The time is ripe for a disruption — when money flows en masse from existing businesses and business models to new ones. Think of the shift from pagers to BlackBerry devices, or from the BlackBerry to the iPhone and Android.
So what is the next evolutionary step up from smartphones? It’s something that I’ve been noticing take hold for a while now in the more tech-savvy environs of Southeast Asia. Just take a look at my recent blog post, “Your Clothes Are Still Made in China but Now They Are Wearables.”
Yes, I’m talking about wearables — devices like the Google Glass and Apple Watch that have all the “smart” capabilities of your iPhone or Android coupled with the constant usability of a clothing accessory. Let’s say you’re walking through the city and you want to check a stock quote. Using a smartphone, you have to take the time to pull it out and look down at it.
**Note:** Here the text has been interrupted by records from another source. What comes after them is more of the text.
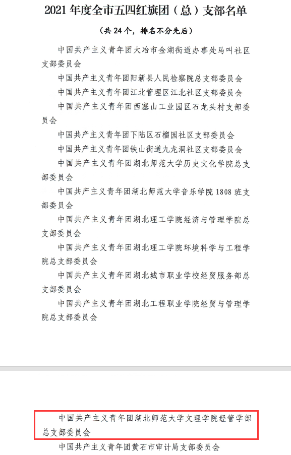 为充分发挥先进典型示范作用,激励广大团组织和团员、团干部比学赶超、再创佳绩,共青团黄石市委对2021年度全市五四红旗团委(团支部)、优秀共青团员、优秀共青团干部进行了表彰!mksports在线登录_mk(中国)一站式服务体育经管学部团总支获评“黄石市五四红旗团总支”称号!
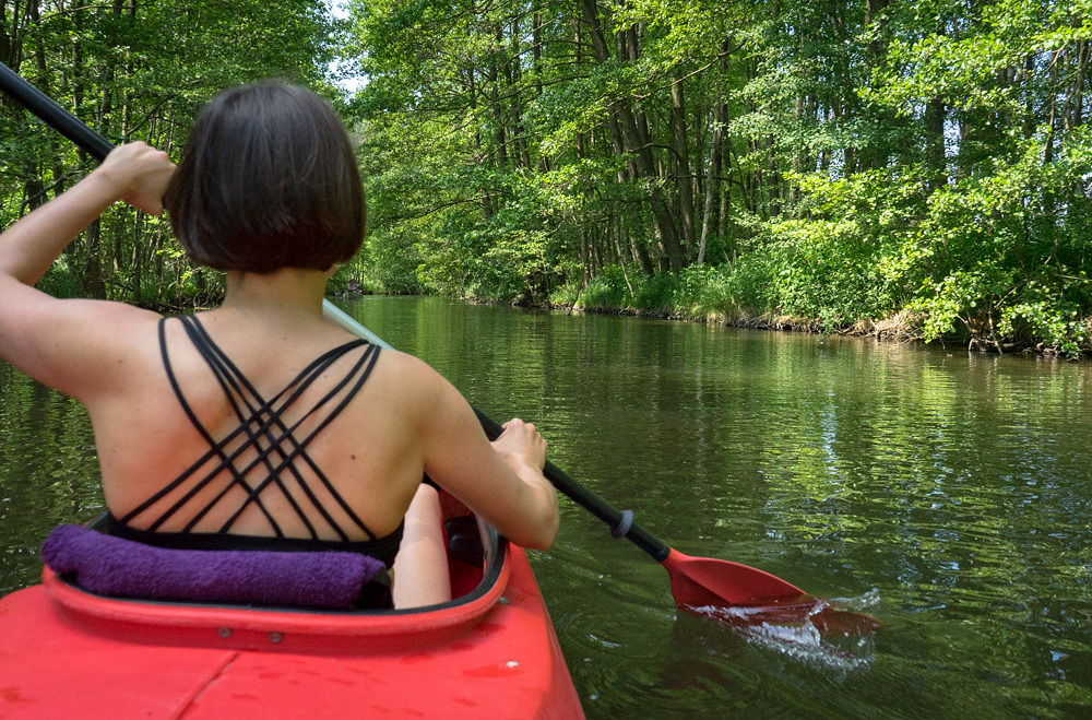 Ich liebe es zwar, in Berlin zu leben. Aber am Wochenende brauche ich eine kleine Auszeit vom lauten Großstadttrubel. Ein perfektes Sommerwochenende besteht für mich aus einem Trip ins Grüne, egal ob baden im Liepnitzsee, picknicken am Kloster Chorin oder – etwas weiter weg – wandern im Elbsandsteingebirge. Mittlerweile habe ich auch Paddeln für mich entdeckt und bin bisher immerhin in den Spreewald gefahren. Auf der Suche nach schönen Paddeldestinationen bin ich über die App DB Ausflug aber letztens auf den Müritz-Nationalpark aufmerksam geworden. Klar, die Mecklenburger Seenplatte ist prädestiniert fürs Wasserwandern. Die Ausflugsapp schlug mir vor, meinen Paddeltag in Kratzeburg in der Nähe von Neustrelitz zu beginnen und so tauschte ich an einem Samstag Ausschlafen gegen einen wunderschönen Ausflug durch das Havelquellgebiet ein.
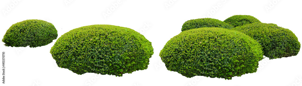 Set of green bushes, shrubs isolated on transparent background, for landscaping, boxwood bush, Euonymus
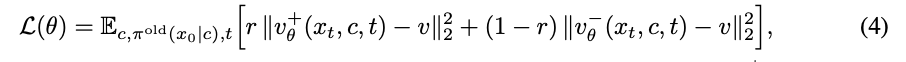 其中, 是目标速度场。隐式正负策略 和 是旧策略 和训练策略 的组合,由超参数 加权:
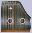 scroll-and-pillar modelsThe scroll-and-pillar body style is a frequently encountered design frill. The scroll and pillar are purely ornamental and serve no functional or structural purpose. All three manufacturers made use of this decorative feature, and examples of all are shown below. Schmidt seems to have made the greatest number of them, followed by Phonoharp. Menzenhauer seems to have been the least enthusiastic of the three toward the design. Most often, they are 4/30 chord-zithers. Less commonly they are of the single-strung 4/15 variety, and occasionally they employ the 5/21 configuration. Again, an example of each is shown. |
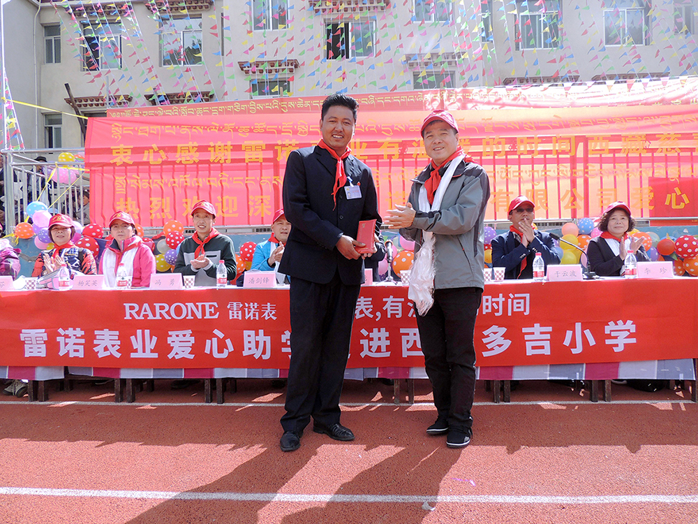 雷諾表業(yè)總經(jīng)理詹江洲先生表示,雷諾表業(yè)今天所盡的綿薄之力比起工作在這里的援藏干部,在這里教書(shū)育人的老師們是微不足道的,堅(jiān)守在邊疆無(wú)私奉獻(xiàn)的人更讓人感動(dòng)和敬佩!今天我們的付出也僅僅是杯水車薪微不足道,我們只是希望通過(guò)這樣的助學(xué)活動(dòng),能夠在社會(huì)上倡導(dǎo)這樣的愛(ài)心風(fēng)尚。通過(guò)這樣的助學(xué)活動(dòng),努力承擔(dān)對(duì)社會(huì)的責(zé)任,并始終把這種責(zé)任看作是企業(yè)發(fā)展的強(qiáng)大動(dòng)力。我們時(shí)刻懷著一顆感恩之心,積極回報(bào)社會(huì),我們深知只有企業(yè)不斷地發(fā)展,才能為社會(huì)做出更大的貢獻(xiàn)。
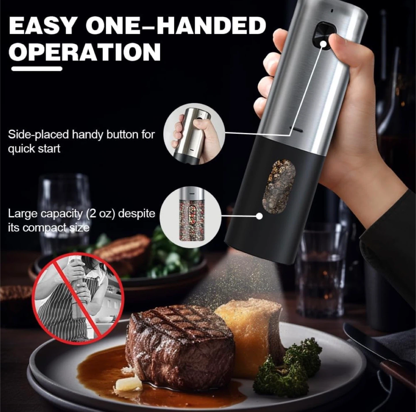 • Ergonomics and Usability: Compact, ergonomic design for one-handed operation with a user-friendly start button.
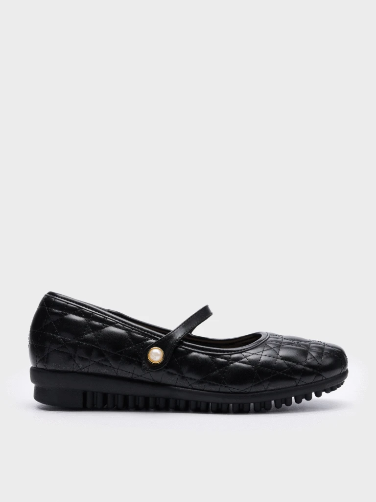 Giày búp bê nữ GB5B0099 gây ấn tượng với chất liệu da PU dập vân chéo mô phỏng họa tiết quilt sang trọng, tạo hiệu ứng ánh sáng bắt mắt khi di chuyển. Thiết kế mũi vuông bo tròn nhẹ mang đến sự hài hòa giữa phong cách hiện đại và cảm giác êm ái. Phần quai ngang đính ngọc trai tinh xảo là điểm nhấn nổi bật, vừa thanh lịch vừa tôn lên nét nữ tính đặc trưng – lý tưởng cho những cô nàng yêu thích sự chỉn chu trong từng chi tiết.
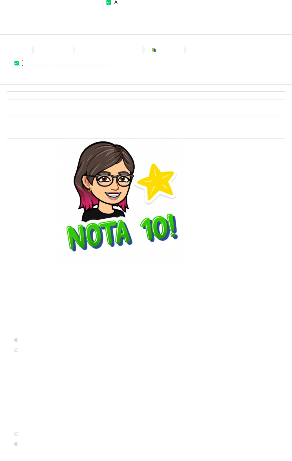 <p>Painel Meus cursos 32010001755-T01-2024-2 📚 Módulo 2</p><p>✅ [A2] – Avaliação do Módulo 2 – Funções</p><p>Iniciado em terça, 8 out 2024, 15:31</p><p>Estado Finalizada</p><p>Concluída em terça, 8 out 2024, 18:16</p><p>Tempo</p><p>empregado</p><p>2 horas 44 minutos</p><p>Avaliar 10,00 de um máximo de 10,00(100%)</p><p>Comentários</p><p>Questão 1</p><p>Correto</p><p>Atingiu 1,00 de 1,00</p><p>Questão 2</p><p>Correto</p><p>Atingiu 1,00 de 1,00</p><p>Uma função logarítmica com base 0 1 é estritamente decrescente e contínua em R* .</p><p>Escolha uma opção:</p><p>Verdadeiro</p><p>Falso </p><p>+</p><p>08/10/2024, 18:16 ✅ [A2] – Avaliação do Módulo 2 – Funções: Revisão da tentativa</p><p>https://ava.ufms.br/mod/quiz/review.php?attempt=1127321&cmid=849189 1/4</p><p>https://ava.ufms.br/my/</p><p>https://ava.ufms.br/course/view.php?id=60717</p><p>https://ava.ufms.br/course/view.php?id=60717#section-3</p><p>https://ava.ufms.br/mod/quiz/view.php?id=849189</p><p>Questão 3</p><p>Correto</p><p>Atingiu 1,00 de 1,00</p><p>Questão 4</p><p>Correto</p><p>Atingiu 1,00 de 1,00</p><p>Questão 5</p><p>Correto</p><p>Atingiu 1,00 de 1,00</p><p>Consideremos f e g funções de R em R e seja R o conjunto dos números reais, dadas por f(x) = 2x – 3 e f(g(x)) =</p><p>-4x + 1. Nestas condições, g(-2) é igual a:</p><p>a. 0</p><p>b. -4</p><p>c. 6</p><p>d. 4</p><p>e. -5</p><p>Consideremos a função f(x) = (m – 4) , sabendo que essa função é decrescente, o valor de m está entre:</p><p>a. 5 e 6</p><p>b. 2 e 3</p><p>c. 3 e 4</p><p>d. 1 e 2</p><p>e. 4 e 5</p><p>x</p><p>Se a função f(x) = 20x – 60 será igual a 300 quando x assumir o valor de:</p><p>a. 18,00</p><p>b. 15,00</p><p>c. 16,75</p><p>d. 17,25</p><p>e. 17,50</p><p>08/10/2024, 18:17 ✅ [A2] – Avaliação do Módulo 2 – Funções: Revisão da tentativa</p><p>https://ava.ufms.br/mod/quiz/review.php?attempt=1127321&cmid=849189 2/4</p><p>Questão 6</p><p>Correto</p><p>Atingiu 1,00 de 1,00</p><p>Questão 7</p><p>Correto</p><p>Atingiu 1,00 de 1,00</p><p>Questão 8</p><p>Correto</p><p>Atingiu 1,00 de 1,00</p><p>Dada a função de grau três f(x) = x + 3x – 2x – 9, o valor de f(2) + f(–3) é:</p><p>a. 3</p><p>b. 7</p><p>c. 4</p><p>d. 10</p><p>e. -3</p><p>3</p><p>2</p><p>Quando definimos uma função ímpar, dizemos que a função f é considerada ímpar quando f(–x) = f(x),</p><p>qualquer que seja o valor de x D(f).</p><p>Escolha uma opção:</p><p>Verdadeiro</p><p>Falso </p><p>∈</p><p>Considere a função logarítmica , encontre o valor de x desta função</p><p>a. 31</p><p>b. 26</p><p>c. 33</p><p>d. 30</p><p>e. 25</p><p>08/10/2024, 18:17 ✅ [A2] – Avaliação do Módulo 2 – Funções: Revisão da tentativa</p><p>https://ava.ufms.br/mod/quiz/review.php?attempt=1127321&cmid=849189 3/4</p><p>Questão 9</p><p>Correto</p><p>Atingiu 1,00 de 1,00</p><p>Questão 10</p><p>Correto</p><p>Atingiu 1,00 de 1,00</p><p>Determine o vértice da função quadrática y = 8x – 3x – 5.</p><p>a. -3/16, -169/32</p><p>b. 3/16, -169/32</p><p>c. 3/16, -151/32</p><p>d. 3/16, 32/169</p><p>e. 1/16, -13/32</p><p>2</p><p>A função exponencial f(x) = 2 é uma função contínua em R e é uma função crescente.</p><p>Escolha uma opção:</p><p>Verdadeiro </p><p>Falso</p><p>x</p><p>Atividade anterior</p><p>◄ 📍 [Checkout de Presença] Módulo 2 – Funções</p><p>Seguir para...</p><p>Próxima atividade</p><p>▶ [Videoaula] Apresentação do Módulo 3 ►</p><p>Manter contato</p><p>Suporte Técnico ao Usuário</p><p> https://suporteagetic.ufms.br</p><p> (67) 3345-7613</p><p> suporte.agead@ufms.br</p><p></p><p>08/10/2024, 18:17 ✅ [A2] – Avaliação do Módulo 2 – Funções: Revisão da tentativa</p><p>https://ava.ufms.br/mod/quiz/review.php?attempt=1127321&cmid=849189 4/4</p><p>https://ava.ufms.br/mod/assign/view.php?id=849187&forceview=1</p><p>https://ava.ufms.br/mod/url/view.php?id=849190&forceview=1</p><p>https://suporteagetic.ufms.br/</p><p>tel:(67) 3345-7613</p><p>mailto:suporte.agead@ufms.br</p><p>https://api.whatsapp.com/send?phone=556733457613</p>

We’ve all felt the inconvenience and potential danger of walking with that distraction, especially in busy cities like New York, Boston, or Chicago.
Now imagine for a second that you can make that stock quote appear in your field of vision. Actually, you don’t have to imagine it because this online concept video for Fidelity Market Monitor for Glass demonstrates exactly what it would look like to wear the Google Glass equipped with Fidelity’s investment app. In the video, a man walks through his daily routine while logging on to his online account, hearing news articles read aloud, and checking stock quotes and the markets — all completely hands free.
A word of caution, however: A wave of Google Glass sales hasn’t happened yet and it may be some time before one does. On 15 January, Google announced that it was ending sales of the Glass prototype but is still committed to working on a newer version of it. This move came amid criticisms of the product in the media and privacy concerns that led some restaurants, bars, and movie theaters to ban the use of smartglasses.
Still, even with those temporary setbacks, the fact is that the times they are a-changin’: smartphones are becoming outdated technology and wearables are the next big thing.
With that in mind, it’s no surprise that Fidelity is an early innovator in developing a wearable investment app. As we industry veterans know all to well, Wall Street was an early adopter of smartphone technology, grasping the benefits of instant access to e-mail and real-time information before many other industries. Remember when you were one of the few people on your morning commute using a BlackBerry?
Looking forward, financial advisers and other wealth management professionals will have to be as savvy with wearables as they currently are with smartphones — otherwise, it’ll be like trying to get by with a pager today. And there’s no time to take a “wait-and-see” approach when it comes to anticipating the moment when wearables will dominate smart technology sales. Those who wait will be too far behind to catch up.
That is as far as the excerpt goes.